Utility-scale solar energy environmental considerations include land disturbance/land use impacts, visual impacts, impacts associated with hazardous materials, and potential impacts on water and other resources, depending on the solar technology employed.

Solar power plants reduce the environmental impacts of combustion used in fossil fuel power generation such as green house gas and other air pollution emissions. However, concerns have been raised over land disturbance, visual impacts, and the use of potentially hazardous materials in some systems. These and other concerns associated with solar energy development are discussed below, and will be addressed in the Solar Energy Development Programmatic EIS.

Land Disturbance/Land Use Impacts

All utility-scale solar energy facilities require relatively large areas for solar radiation collection when used to generate electricity at a commercial scale, and the large arrays of solar collectors may interfere with natural sunlight, rainfall, and drainage, which could have a variety of effects on plants and animals. Solar arrays may also create avian perching opportunities that could affect both bird and prey populations. Land disturbance could also affect archeological resources. Solar facilities may interfere with existing land uses, such as grazing. Proper siting decisions can help to avoid land disturbance and land use impacts.

Visual Impacts

Because they are generally large facilities with numerous highly geometric and sometimes highly reflective surfaces, solar energy facilities may create visual impacts; however, being visible is not necessarily the same as being intrusive. Aesthetic issues are by their nature highly subjective. Proper siting decisions can help to avoid aesthetic impacts to the landscape.

Hazardous Materials

Photovoltaic panels may contain hazardous materials, and although they are sealed under normal operating conditions, there is the potential for environmental contamination if they were damaged or improperly disposed upon decommissioning. Concentrating solar power systems may employ liquids such as oils or molten salts that may be hazardous, and present spill risks. In addition, various fluids are commonly used in most industrial facilities, such as hydraulic fluids, coolants, and lubricants. These fluids may in some cases be hazardous, and present a spill-related risk. Proper planning and good maintenance practices can be used to minimize impacts from hazardous materials.

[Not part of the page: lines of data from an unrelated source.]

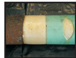
Cast & PVC Pipe with Hole & Liner Bridging Broken Sections

Pipe systems are often inaccessible - in walls or under floors, gardens, concrete or paving. By re-lining pipes, excavation and damage to property is unnecessary and can be completed with minimal interference to the customer.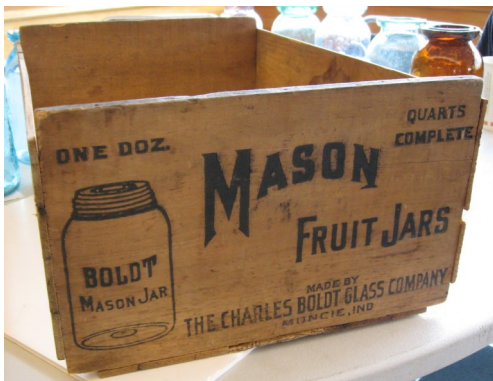
First and only known example of a Charles Boldt Glass Company wooden shipping box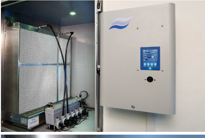
ME-Series Media Evaporative cooling and humidification

modular data centers, Nortec has the technology and expertise to provide the ideal solution.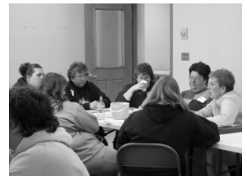
Wilton HOF participants discuss balancing farm, work, family and personal priorities.

Three Annie's Projects were held in 2006-07 as well. (For more information on Annie's Project see page 3.) In 2007, 32 women participated in this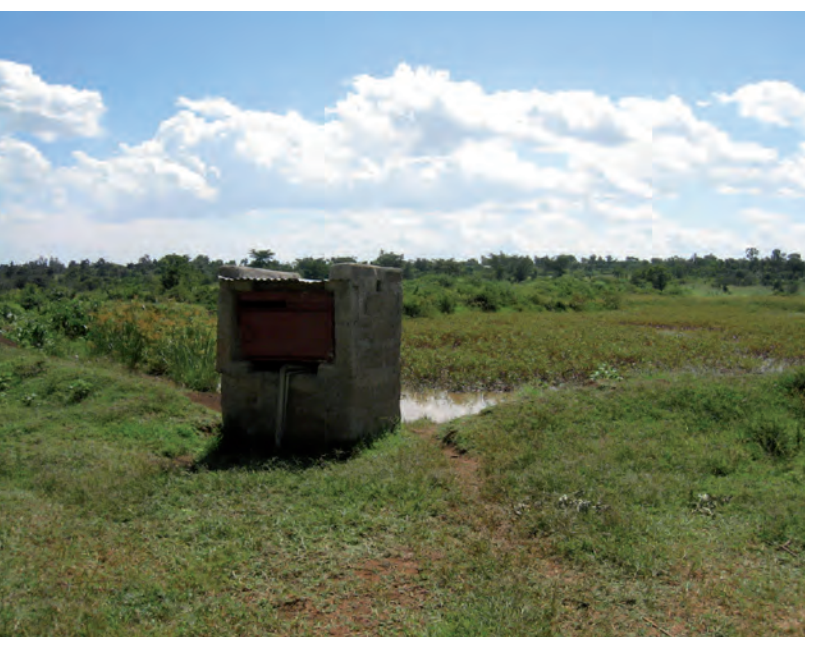
Gona Dam filled with silted water and reeds before the Safewater 4 project.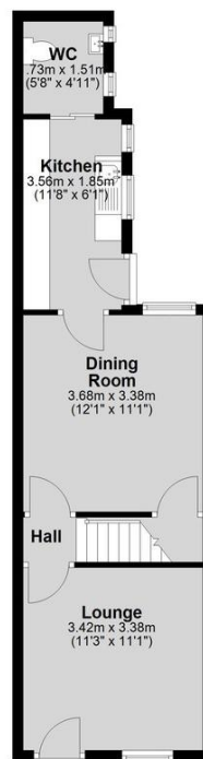
Ground Floor Approx. 37.0 sq. metres (398.7 sq. feet)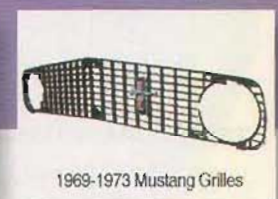
1969-1973 Mustang Grilles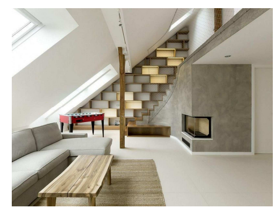
Figure 12 Figure 13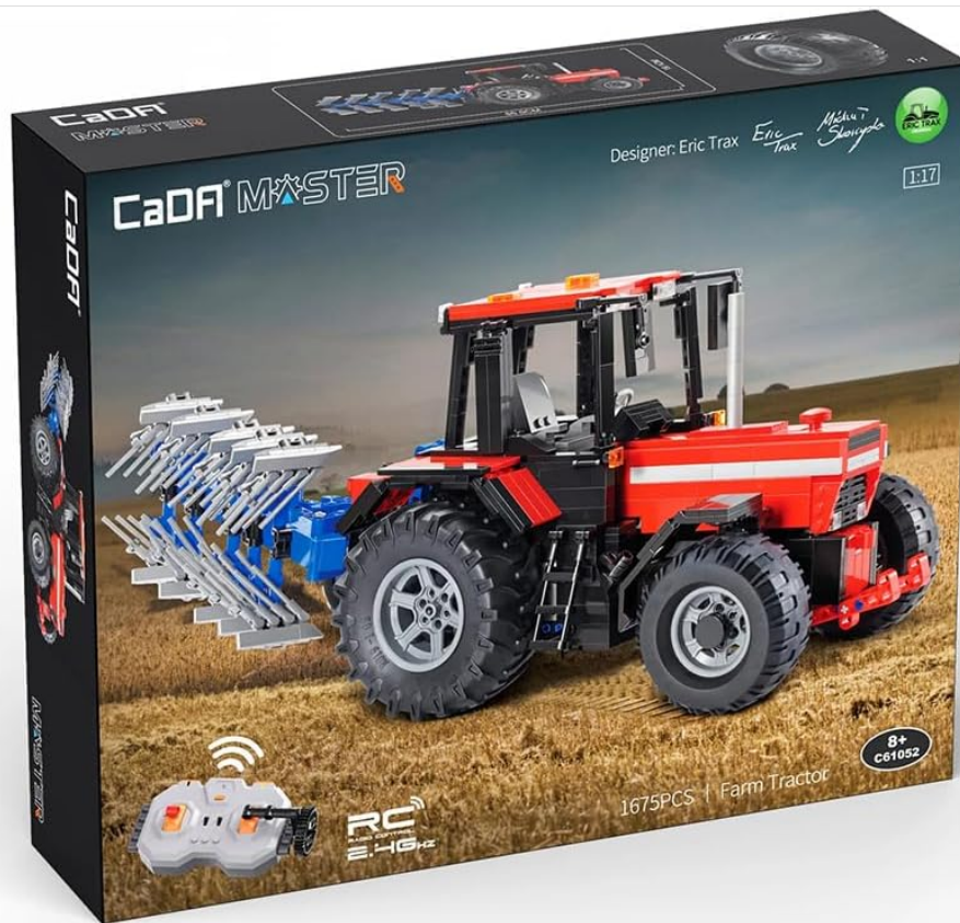
Image: The CaDA C61052W Farm Tractor demonstrating the 180-degree rotation capability of the plough attachment and the automatic wheel adjustment.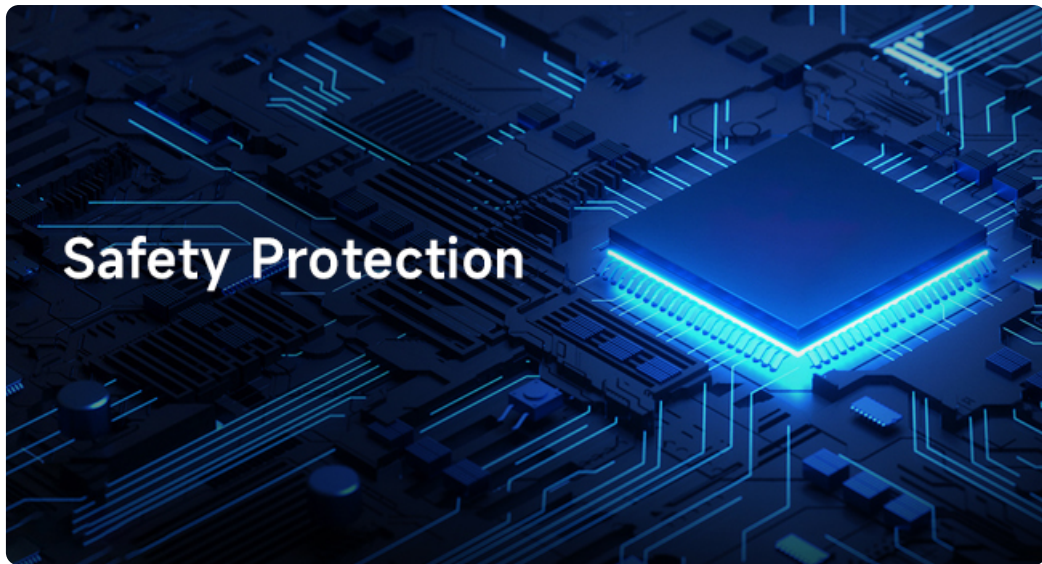
Image: A stylized image of a circuit board with a glowing blue chip, symbolizing the internal safety protection mechanisms of the power bank designed to prevent overcharge, over-discharge, and other electrical issues.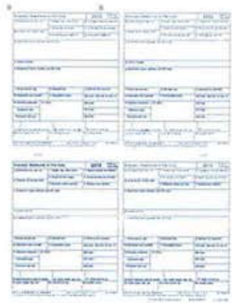
W-2 Employer 4up Copies I/D BW24UPER05

You need one W-3 form to summarize all paper W-2 Copy A forms for a single company (EIN). Do not use W-3 forms when e-filing. If you need more than the THREE FREE copies we send with your W-2s, order #BW305.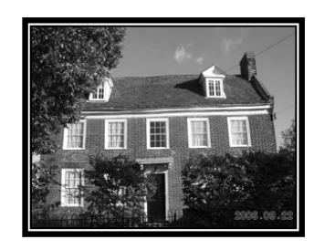
Quickrills Church Street Grade II early 18th entury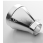
Hose reducer, symmetrical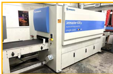
Jetmaster 630 Digital Printer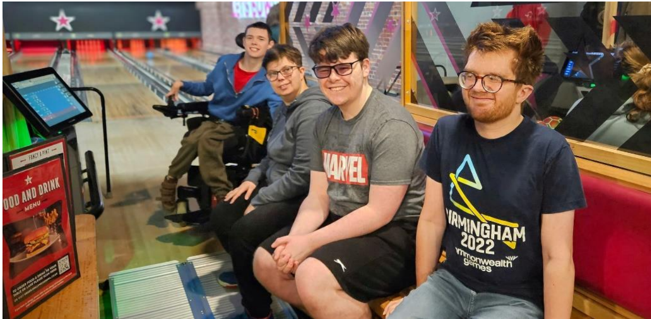
PACC Shropshire – PFA Navigators and Buddies Projects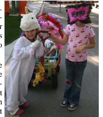
A costume parade is part of the festivities.

Each summer our street hosts a block party. We have games, a costume parade, live music, and a dinner. So, how do we plan our block parties? Well, the first year was the most work. Several families covered the financial costs initially, and we formed a Society ( http://www.servicealberta.ca/716.cfm ) so that we could get insurance (a requirement). We also made sure someone was in charge of security and first aid (required for insurance). Then we bought a permit at City Hall. Our meetings were another great reason to party with our neighbours!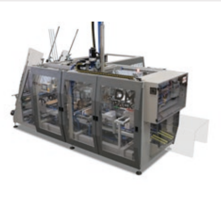
Compact and ergonomic machine with facilitated opening on all sides, highly accessible by the operator.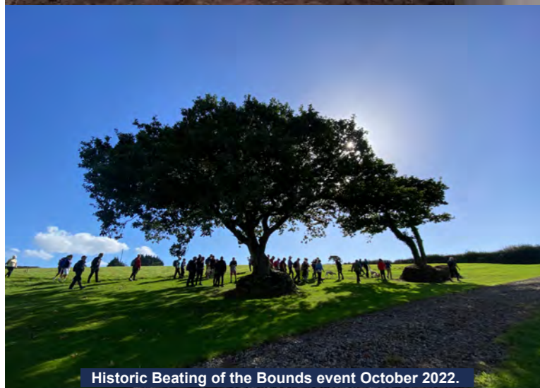
Historic Beating of the Bounds event October 2022.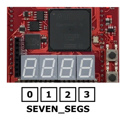
Figure 5: Seven segment displays.

In this section, you will implement a display_score procedure to show the game score on the 7-segment displays.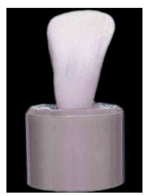
FIGURE 2 - Bovine tooth inserted in PVC tube.

each surface (mesial, distal, incisal and gingival) as close as possible to the base of the bracket with a halogen light unit XL 2500 (3M/ESPE, St. Paul, USA) with 500 mW/cm<sup>2</sup> power. This light intensity was verified prior to each light curing session with a radiometer (Demetron, Danbury, USA).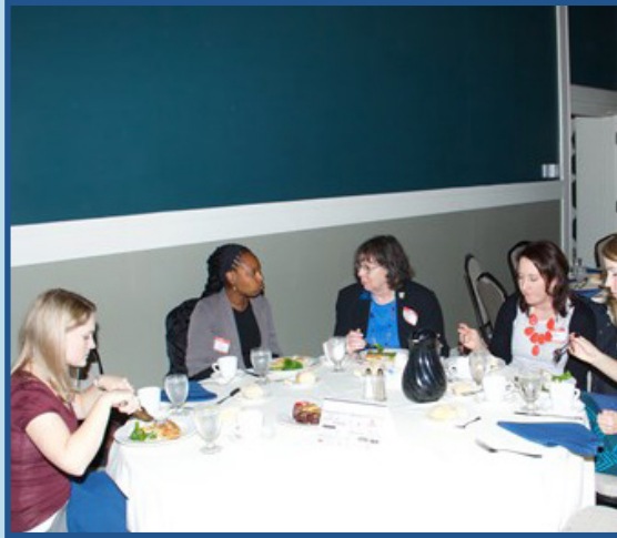
Members and Guests at the 2015 October Luncheon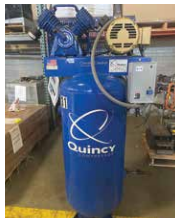
QUINCY QTS5QCB AIR COMPRESSOR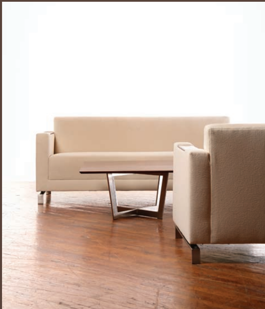
left to right 402S-WM, 402CT-36S-V, 402L-WM

Impacts to Water Resources

Parabolic trough and central tower systems typically use conventional steam plants to generate electricity, which commonly consume water for cooling. In arid settings, the increased water demand could strain available water resources. If the cooling water was contaminated through an accident, pollution of water resources could occur, although the risk would be minimized by good operating practices.

Other Concerns

Concentrating Solar Power (CSP) systems could potentially cause interference with aircraft operations if reflected light beams become misdirected into aircraft pathways. Operation of solar energy facilities, and especially concentrating solar power facilities involves high temperatures that may pose an environmental or safety risk. Like all electrical generating facilities, solar facilities produce electric and magnetic fields. Construction and decommissioning of utility-scale solar energy facilities would involve a variety of possible impacts normally encountered in construction/decommissioning of large-scale industrial facilities. If new electric transmission lines or related facilities were needed to service a new solar energy development, construction, operation, and decommissioning of the transmission facilities could also cause a variety of environmental impacts.